As I posted earlier, I’m working on expanding my repertoire of outdoor cooking techniques and recipes this year. The Boy will be crossing over from Cub Scouts to Boy Scouts in the Spring, and I won’t have to cook for 80 people at a time on Cub Scout family campouts (we have a really large and active Cub Scout Pack).
When I camp with the Boy Scout Troop, I’ll be cooking with the adult patrol, and I’ll have the opportunity to cook small (or individual) meals. I’m greatly looking forward to that. I’m also working on learning some new small group recipes to teach to The Boy’s Webelos den (the Beaver Patrol — which is a completely unironic name chosen by 10-year-olds) some easy small-group recipes for their den campouts, the first of which is coming up soon.
In addition to the other outdoor cooking books I already own, I recently picked up a copy of Cliff Jacobson’s Basic Illustrated Cooking in the Outdoors (Falcon Guides, 2008). I’m a BIG fan of Cliff and his books (especially Expedition Canoeing which I also recently bought and will talk about here in this blog at some point) and his articles in Scouting magazine. Cliff Jacobson is a Distinguished Eagle Scout, experienced leader of wilderness trips, and a retired Environmental Science teacher. Clarke Green (of the excellent Scoutmaster Blog and Podcast) recently posted some video interviews that someone else did with Cliff fairly recently, and they are entertaining and enlightening.

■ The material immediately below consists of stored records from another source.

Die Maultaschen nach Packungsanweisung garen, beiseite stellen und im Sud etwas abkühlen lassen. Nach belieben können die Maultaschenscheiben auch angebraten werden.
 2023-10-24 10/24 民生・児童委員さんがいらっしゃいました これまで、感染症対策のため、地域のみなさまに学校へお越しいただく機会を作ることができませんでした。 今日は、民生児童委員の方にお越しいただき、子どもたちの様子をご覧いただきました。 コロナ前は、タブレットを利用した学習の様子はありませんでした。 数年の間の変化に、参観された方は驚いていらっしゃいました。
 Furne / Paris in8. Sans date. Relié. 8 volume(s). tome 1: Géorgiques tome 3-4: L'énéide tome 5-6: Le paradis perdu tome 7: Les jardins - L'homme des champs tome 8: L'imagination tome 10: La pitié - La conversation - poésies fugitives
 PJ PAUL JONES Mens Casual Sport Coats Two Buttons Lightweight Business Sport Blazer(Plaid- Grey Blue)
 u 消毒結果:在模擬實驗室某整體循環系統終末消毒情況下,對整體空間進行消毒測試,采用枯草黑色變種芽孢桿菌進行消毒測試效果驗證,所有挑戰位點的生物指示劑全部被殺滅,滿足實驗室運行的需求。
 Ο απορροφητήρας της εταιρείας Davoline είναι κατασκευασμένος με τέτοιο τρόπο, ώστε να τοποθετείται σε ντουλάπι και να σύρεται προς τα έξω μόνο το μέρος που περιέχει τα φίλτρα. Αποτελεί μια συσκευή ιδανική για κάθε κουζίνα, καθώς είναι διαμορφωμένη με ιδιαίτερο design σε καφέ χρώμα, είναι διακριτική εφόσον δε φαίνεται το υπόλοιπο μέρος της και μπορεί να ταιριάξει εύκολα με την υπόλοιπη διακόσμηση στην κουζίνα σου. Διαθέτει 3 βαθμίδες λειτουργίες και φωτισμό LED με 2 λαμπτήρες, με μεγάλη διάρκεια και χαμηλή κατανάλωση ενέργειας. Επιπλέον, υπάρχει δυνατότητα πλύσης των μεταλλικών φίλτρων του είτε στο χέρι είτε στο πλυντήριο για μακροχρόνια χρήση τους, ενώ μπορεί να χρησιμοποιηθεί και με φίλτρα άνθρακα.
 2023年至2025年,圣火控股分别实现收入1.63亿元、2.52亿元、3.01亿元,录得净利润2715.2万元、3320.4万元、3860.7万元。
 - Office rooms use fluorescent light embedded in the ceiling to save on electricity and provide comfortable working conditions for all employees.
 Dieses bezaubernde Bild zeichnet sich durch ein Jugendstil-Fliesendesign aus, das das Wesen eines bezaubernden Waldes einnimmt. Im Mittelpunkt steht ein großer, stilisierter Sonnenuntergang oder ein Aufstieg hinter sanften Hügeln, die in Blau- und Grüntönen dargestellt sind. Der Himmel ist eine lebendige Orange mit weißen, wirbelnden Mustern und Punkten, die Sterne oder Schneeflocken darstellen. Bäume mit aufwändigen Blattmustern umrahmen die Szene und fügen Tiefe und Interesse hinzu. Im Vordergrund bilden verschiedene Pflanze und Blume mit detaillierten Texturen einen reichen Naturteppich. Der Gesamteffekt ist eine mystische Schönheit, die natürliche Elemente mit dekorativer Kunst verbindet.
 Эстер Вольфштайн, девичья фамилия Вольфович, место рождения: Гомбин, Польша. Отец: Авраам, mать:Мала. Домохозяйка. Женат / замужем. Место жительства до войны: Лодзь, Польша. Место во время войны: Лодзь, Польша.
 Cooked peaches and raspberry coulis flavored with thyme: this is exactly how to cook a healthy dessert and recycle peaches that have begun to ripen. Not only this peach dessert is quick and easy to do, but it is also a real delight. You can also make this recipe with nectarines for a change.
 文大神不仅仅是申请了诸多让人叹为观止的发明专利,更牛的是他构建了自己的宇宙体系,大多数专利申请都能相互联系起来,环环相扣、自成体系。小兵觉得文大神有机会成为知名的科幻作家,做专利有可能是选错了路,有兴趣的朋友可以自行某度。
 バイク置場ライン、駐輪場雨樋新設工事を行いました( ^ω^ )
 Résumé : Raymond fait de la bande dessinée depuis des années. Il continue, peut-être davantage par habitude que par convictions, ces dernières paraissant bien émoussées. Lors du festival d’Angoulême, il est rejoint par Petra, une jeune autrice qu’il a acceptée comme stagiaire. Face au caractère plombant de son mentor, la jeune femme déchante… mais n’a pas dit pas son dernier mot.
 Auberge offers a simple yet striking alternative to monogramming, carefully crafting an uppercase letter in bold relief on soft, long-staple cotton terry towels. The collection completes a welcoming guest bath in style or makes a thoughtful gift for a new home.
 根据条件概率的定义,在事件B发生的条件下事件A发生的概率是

I haven’t finished reading all the recipes yet, but the thing I like most about the book is that it’s full of advice about preparing meals in the outdoors. Yes, that would seem obvious, but many “outdoor cooking” books are mostly collections of recipes and have little experienced practical advice in them. Cliff’s book is FULL of that sort of information.
The book was published in 2008, so it’s pretty up-to-date, but there may be a few techniquest or pieces of gear in that have been superseded by better options. For example, I would think cozies made out of reflectix would be easier to make and more efficient than Cliff’s wool and batting design, but I could be wrong.
The book is focused on group cooking where you can carry a lot of supplies and gear, so it’s more focused on canoe trips (no surprise there, given Cliff’s background) or car camping. Many of the techniques can be adapted for backpacking use, though.
It’s well worth adding to your collection of outdoor cooking books.